High-end French fashion house Lanvin will ditch professional models in favour of "real" people in its Autumn/Winter 2012 advertising campaign.
The move is an attempt by the luxury brand to make its products more accessible.
"I was interested to bring these clothes back to the street somehow, and see them on different ages, different sizes," Lanvin's creative director, Alber Elbaz, told Women's Wear Daily.
The company is jumping on a trend started by on-the-street fashion reporters like Bill Cunningham of the New York Times and Scott Schuman of The Sartorialist.
"Models are a blank canvas to project style on to, but these are people you would sit with at a party and get to know," Melanie Rickey, editor at large at Italian fashion magazine Grazia, said.
Lanvin's newest models range in age from 16 to 82, and include a waiter, a milliner and a recent US immigrant, Women's Wear Daily said. The oldest, Jackquie Tajah Murdock, is a former dancer and administrative assistant.

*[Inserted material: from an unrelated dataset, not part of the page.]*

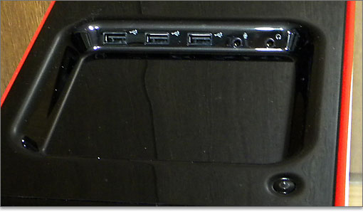 Studio XPS 9100の前面にはUSB端子が1つしかないので、このメディアトレイにあるUSB端子がメインに使われそうです。USB機器は斜めに差し込まれるので、上からの圧力には気をつけたいです。うっかり、重い本を置いたりしないように。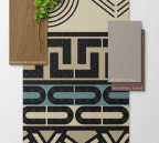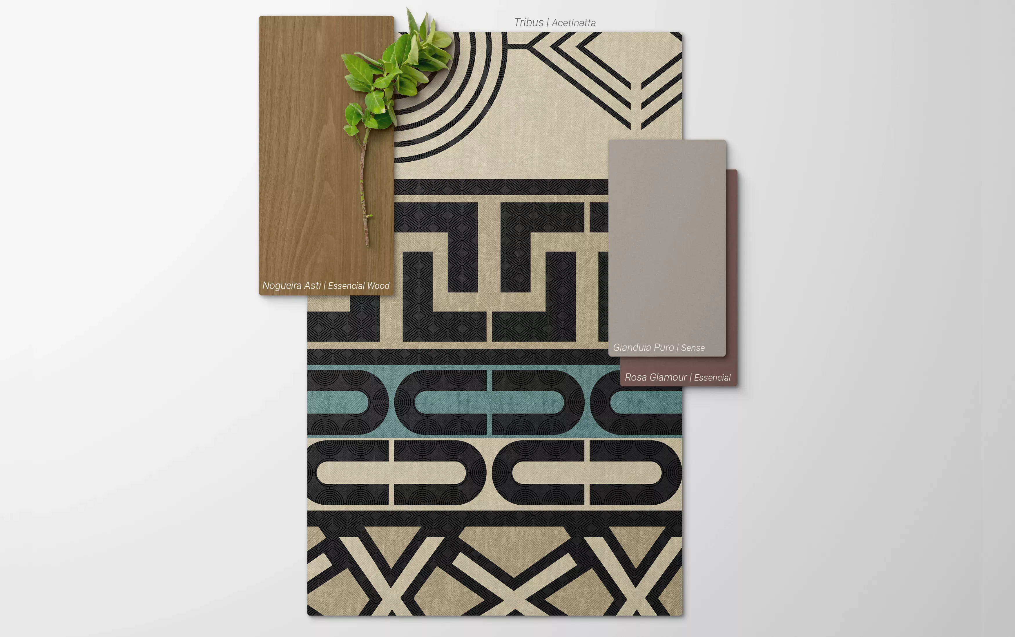Idealizado pela arquiteta Denise Zuba, o padrão é inspirado em grafismos tribais, realçado por cores que são tendência em 2024 e que são também atemporais, remetendo a água e terra.

Ari Seth Cohen, a blogger for Advanced Style who helped cast Lanvin's campaign, discovered the stylish octogenarian walking through New York's Greenwich Village last year.
"I'm still attractive, I still perform and lecture. So why not?" Murdock told the Daily Beast.
Lanvin's men's and women's ad campaigns will appear in magazines from September.
The fashion house will release an internet video about the campaign's models on August 21.